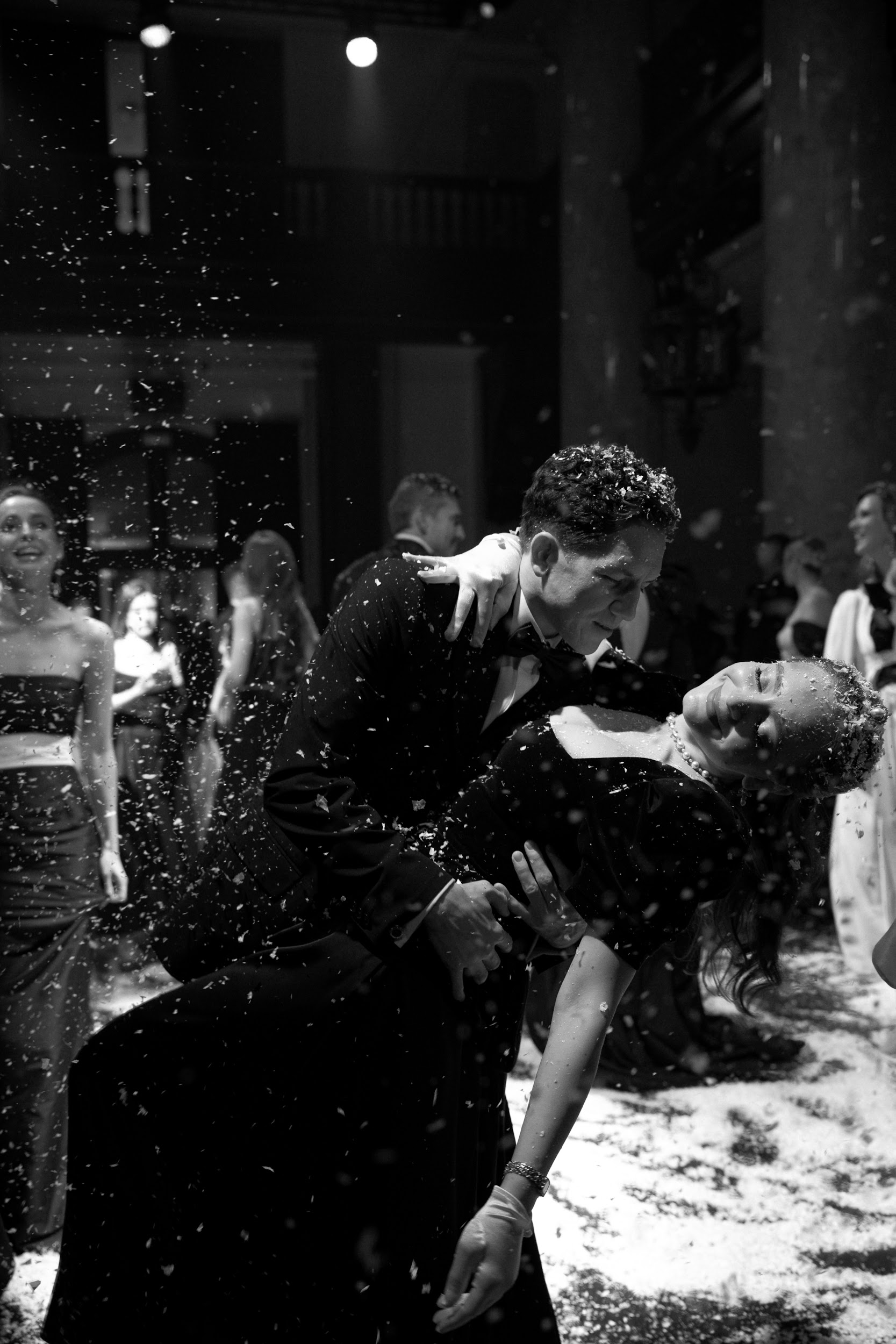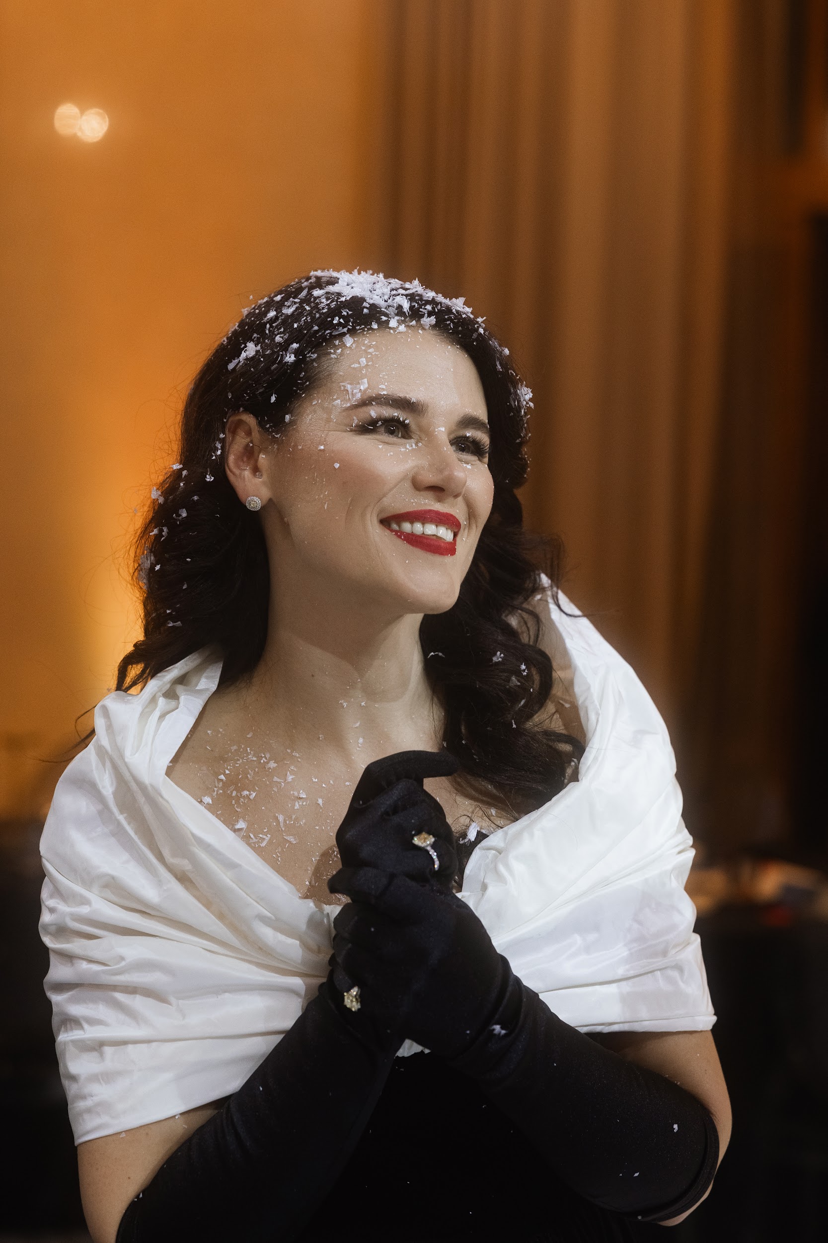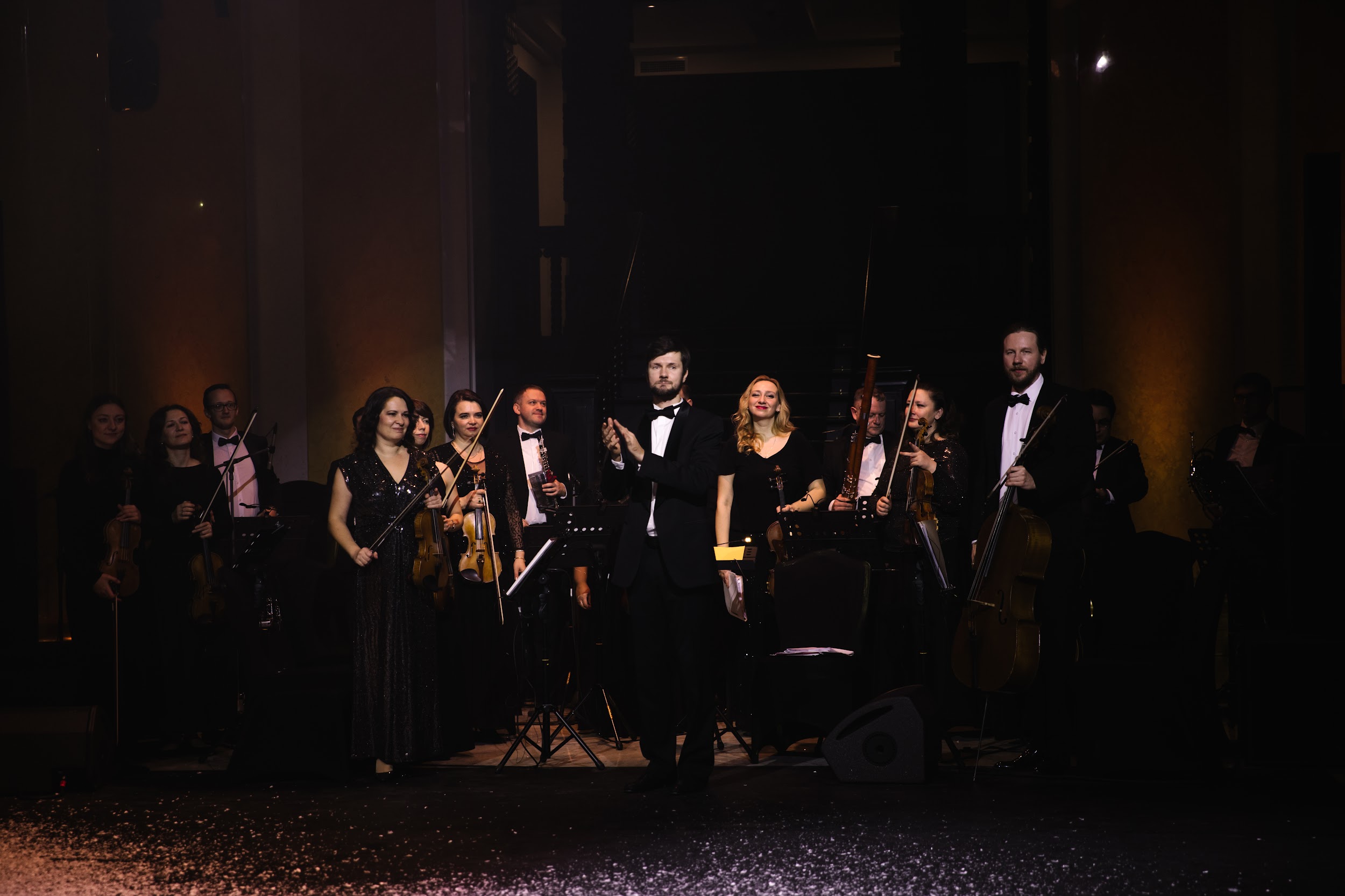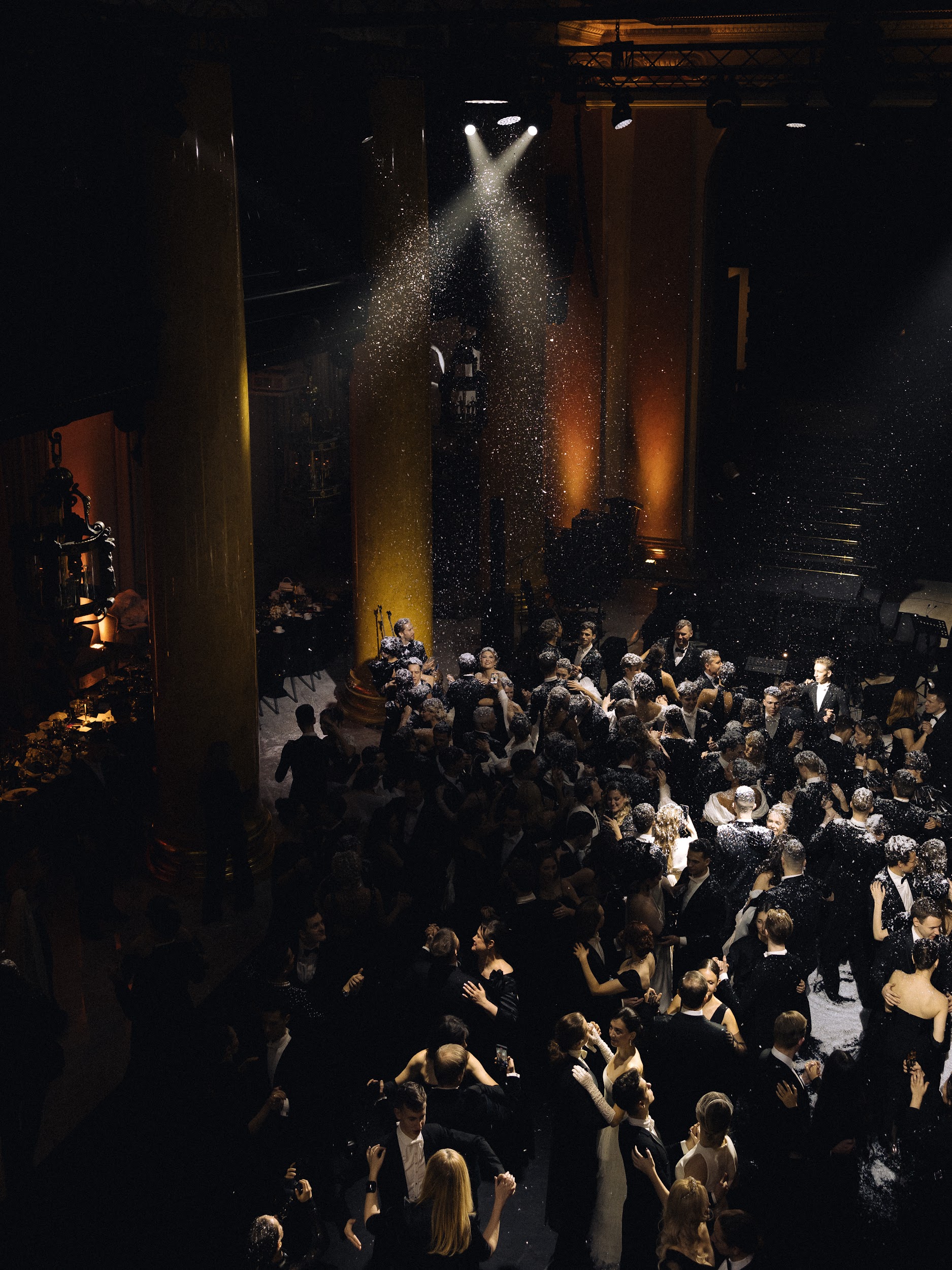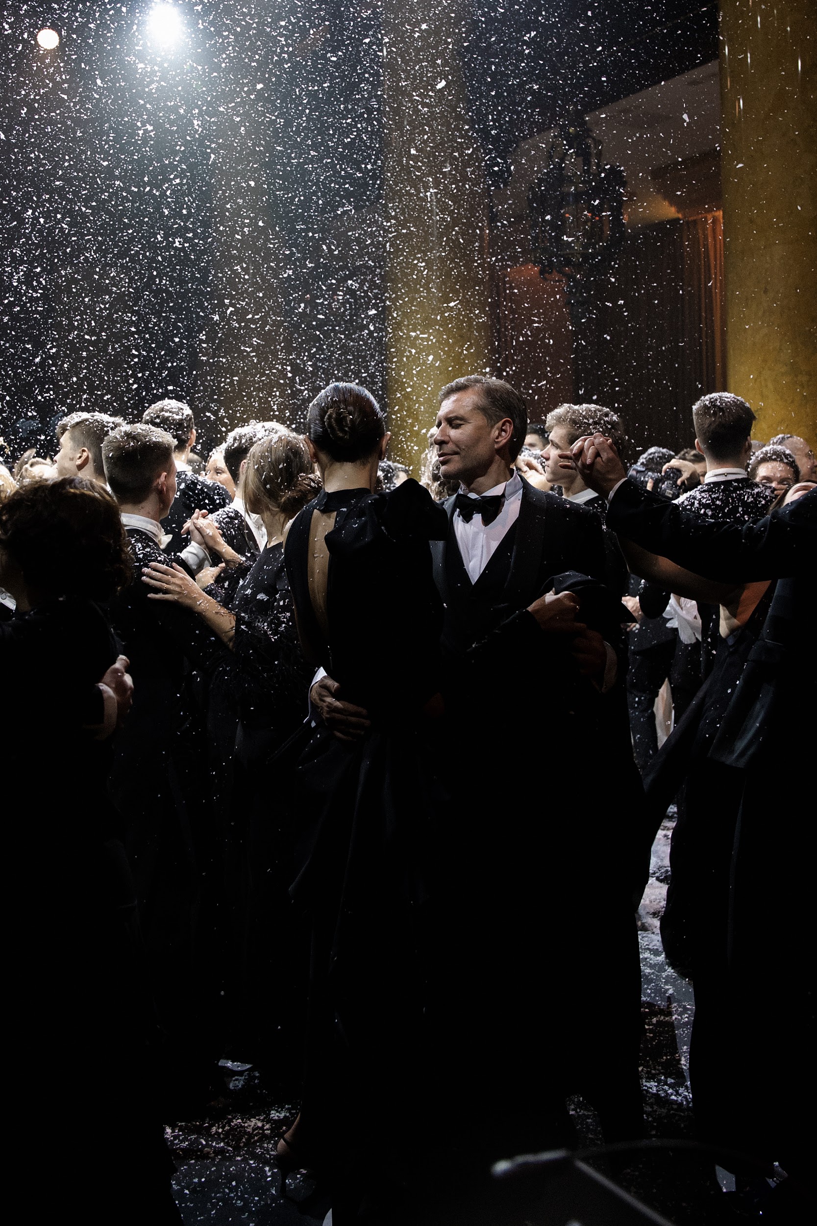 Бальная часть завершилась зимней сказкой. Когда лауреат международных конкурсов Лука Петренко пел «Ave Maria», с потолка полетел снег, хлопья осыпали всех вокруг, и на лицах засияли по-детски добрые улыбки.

==

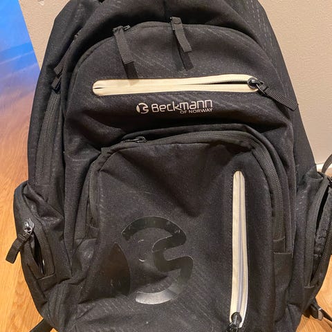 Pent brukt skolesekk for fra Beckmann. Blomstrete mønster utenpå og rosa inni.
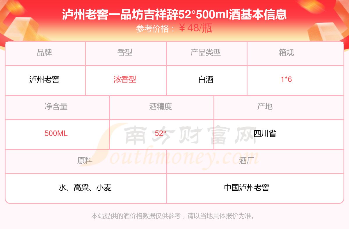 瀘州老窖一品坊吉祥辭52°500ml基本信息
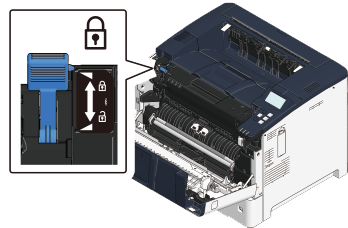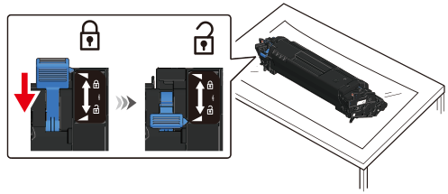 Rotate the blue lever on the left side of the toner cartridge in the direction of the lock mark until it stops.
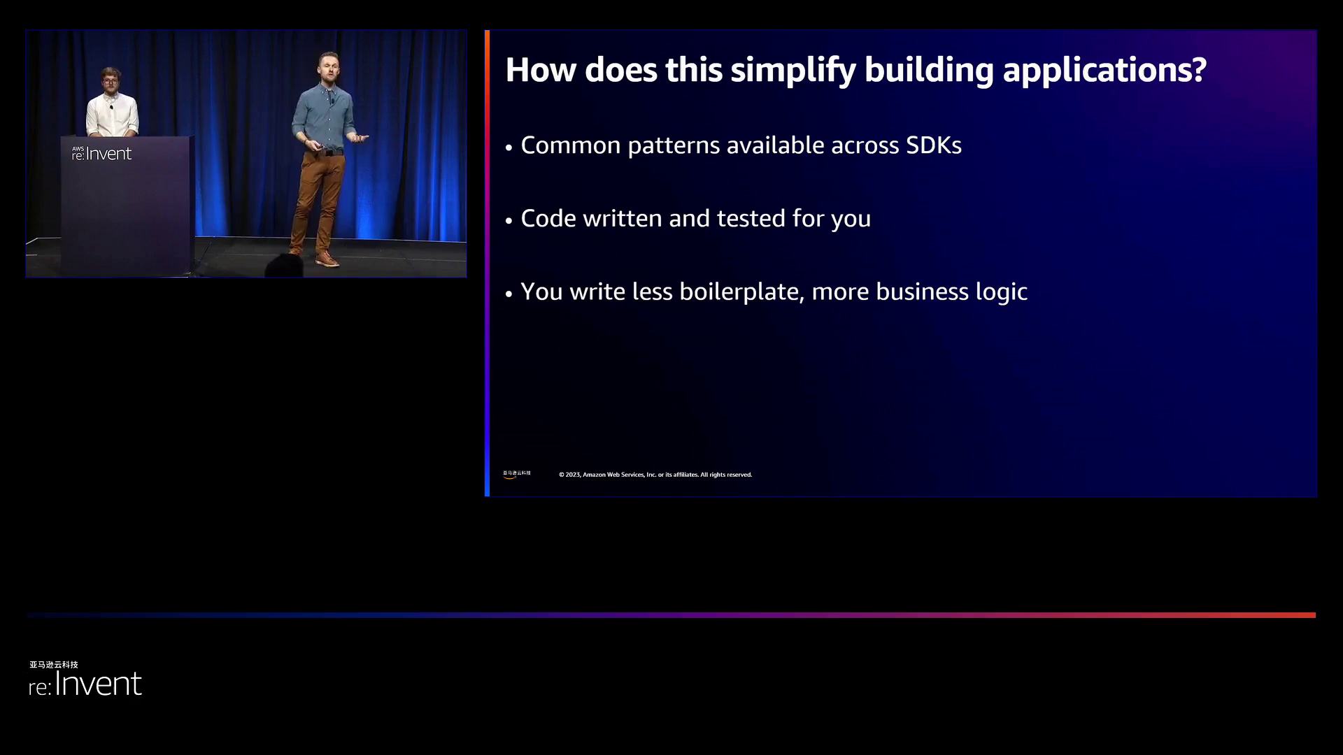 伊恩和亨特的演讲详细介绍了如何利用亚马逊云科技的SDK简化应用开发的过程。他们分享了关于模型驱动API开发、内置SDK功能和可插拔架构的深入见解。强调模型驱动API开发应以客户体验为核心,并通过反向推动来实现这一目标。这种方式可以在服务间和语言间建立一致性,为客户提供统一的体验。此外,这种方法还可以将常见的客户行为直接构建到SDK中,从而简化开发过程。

_What is expected_:
Above are the records; restate exactly the lines from the one containing "瀘州老窖一品坊吉祥辭52°500ml基本信息" through the one containing "伊恩和亨特的演讲详细介绍了如", keeping pictures out.

_Written response_:
 瀘州老窖一品坊吉祥辭52°500ml基本信息
 Rotate the blue lever on the left side of the toner cartridge in the direction of the lock mark until it stops.
 伊恩和亨特的演讲详细介绍了如何利用亚马逊云科技的SDK简化应用开发的过程。他们分享了关于模型驱动API开发、内置SDK功能和可插拔架构的深入见解。强调模型驱动API开发应以客户体验为核心,并通过反向推动来实现这一目标。这种方式可以在服务间和语言间建立一致性,为客户提供统一的体验。此外,这种方法还可以将常见的客户行为直接构建到SDK中,从而简化开发过程。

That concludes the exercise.